How to complete this task:
Starting at the line that contains "iiyama ProLite T1932MSC-W1SAG.", copy every line through the end of the records below exactly as written, leaving out pictures.

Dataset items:
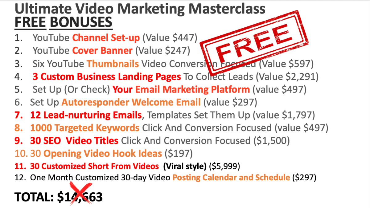 I understand that with today's investment I am entitled to receive 12 Digital Marketing BONUSES valued at $14,663 at no additional cost to me, all FREE with my purchase that comes with a unconditional 60-day money back guarantee.
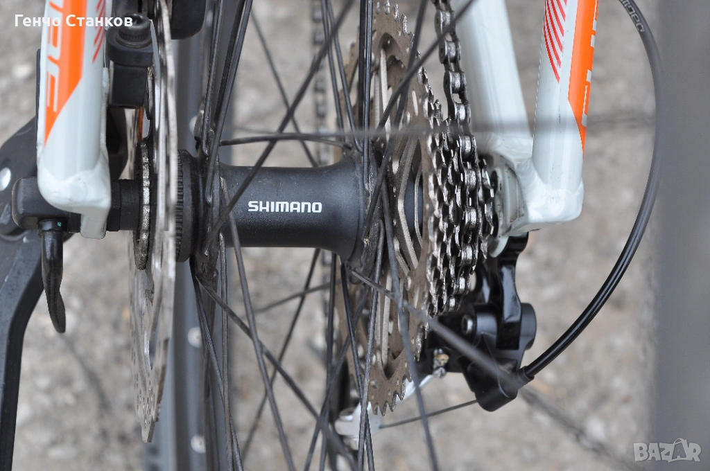 система, дисковите хидравлични спирачки са също Shimano и са много добри, вилката е със заключване
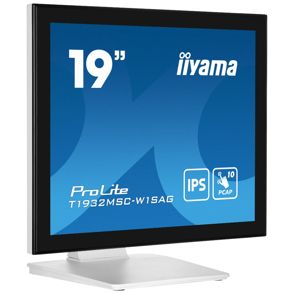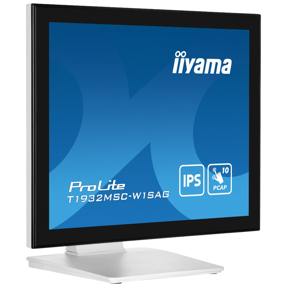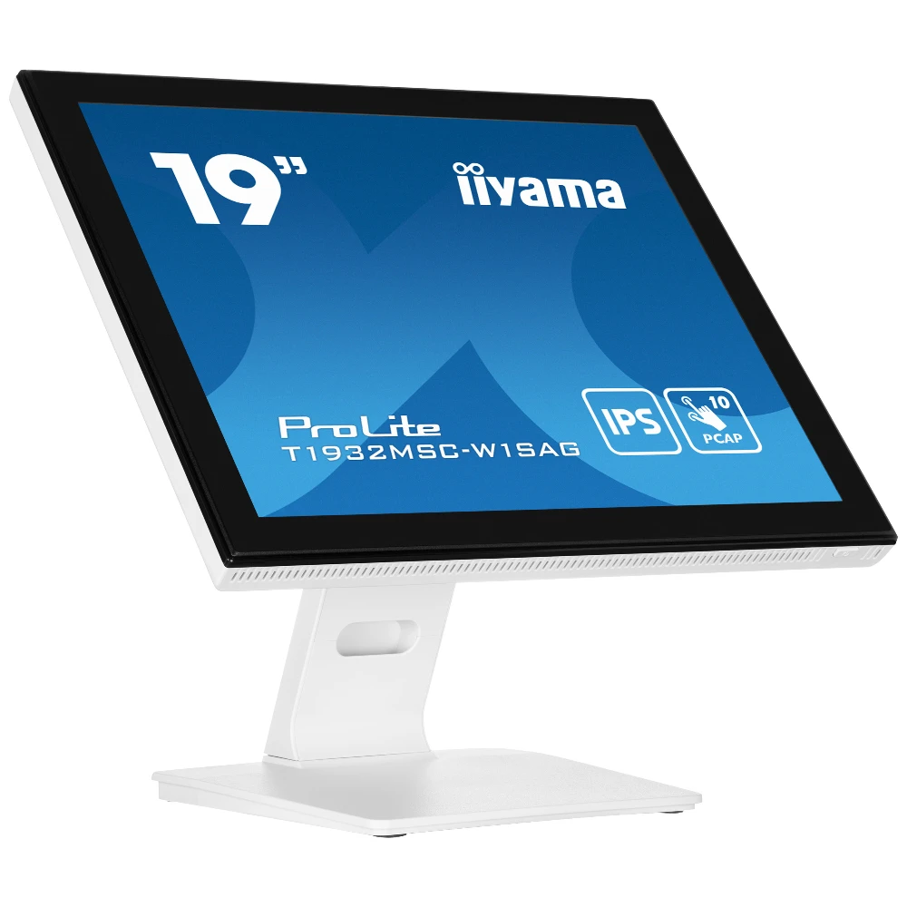 iiyama ProLite T1932MSC-W1SAG. Display diagonal: 48.3 cm (19"), Display resolution: 1280 x 1024 pixels, HD type: Full HD, Display technology: LED, Display surface: Matt, Response time: 14 ms, Native aspect ratio: 5:4, Viewing angle, horizontal: 178?, Viewing angle, vertical: 178?. Built-in speaker(s). VESA mounting. Product colour: White
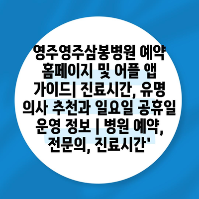 ✅ 영주삼봉병원 예약 방법과 운영 시간을 쉽게 알아보세요.
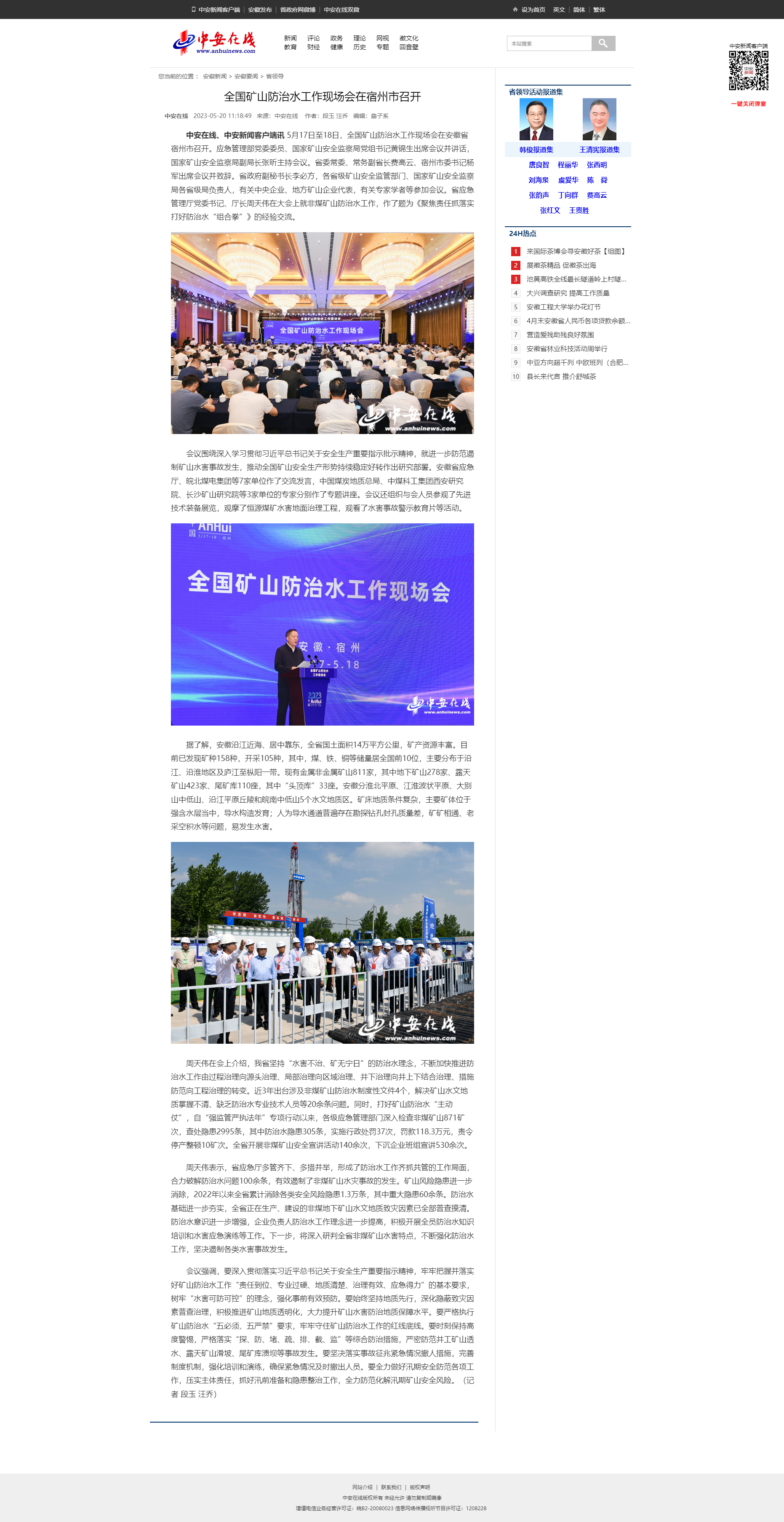5月20日中安在線:全國(guó)礦山防治水工作現(xiàn)場(chǎng)會(huì)在宿州市召開
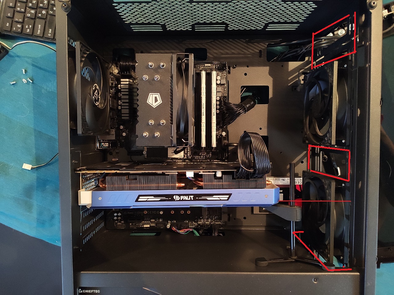 Да, все логично. Пока что я остановился на варианте 2 на 2, посмотрю как с пылью будет (2 на вдув, 1 выдув сзади, 1 выдув сверху сзади, перед сверху заклеил). Наверх я решил поставить из-за того что читал в теме батл про воздушные пузыри, и ради интереса вернул вентилятор, тк у меня между задним и верхним выдувом довольно большой кусок получается (не как на рисунках в статье coolio), они не впритык стоят, мне показалось что не должны мешать друг другу.

Task solution:
 iiyama ProLite T1932MSC-W1SAG. Display diagonal: 48.3 cm (19"), Display resolution: 1280 x 1024 pixels, HD type: Full HD, Display technology: LED, Display surface: Matt, Response time: 14 ms, Native aspect ratio: 5:4, Viewing angle, horizontal: 178?, Viewing angle, vertical: 178?. Built-in speaker(s). VESA mounting. Product colour: White
 ✅ 영주삼봉병원 예약 방법과 운영 시간을 쉽게 알아보세요.
5月20日中安在線:全國(guó)礦山防治水工作現(xiàn)場(chǎng)會(huì)在宿州市召開
 Да, все логично. Пока что я остановился на варианте 2 на 2, посмотрю как с пылью будет (2 на вдув, 1 выдув сзади, 1 выдув сверху сзади, перед сверху заклеил). Наверх я решил поставить из-за того что читал в теме батл про воздушные пузыри, и ради интереса вернул вентилятор, тк у меня между задним и верхним выдувом довольно большой кусок получается (не как на рисунках в статье coolio), они не впритык стоят, мне показалось что не должны мешать друг другу.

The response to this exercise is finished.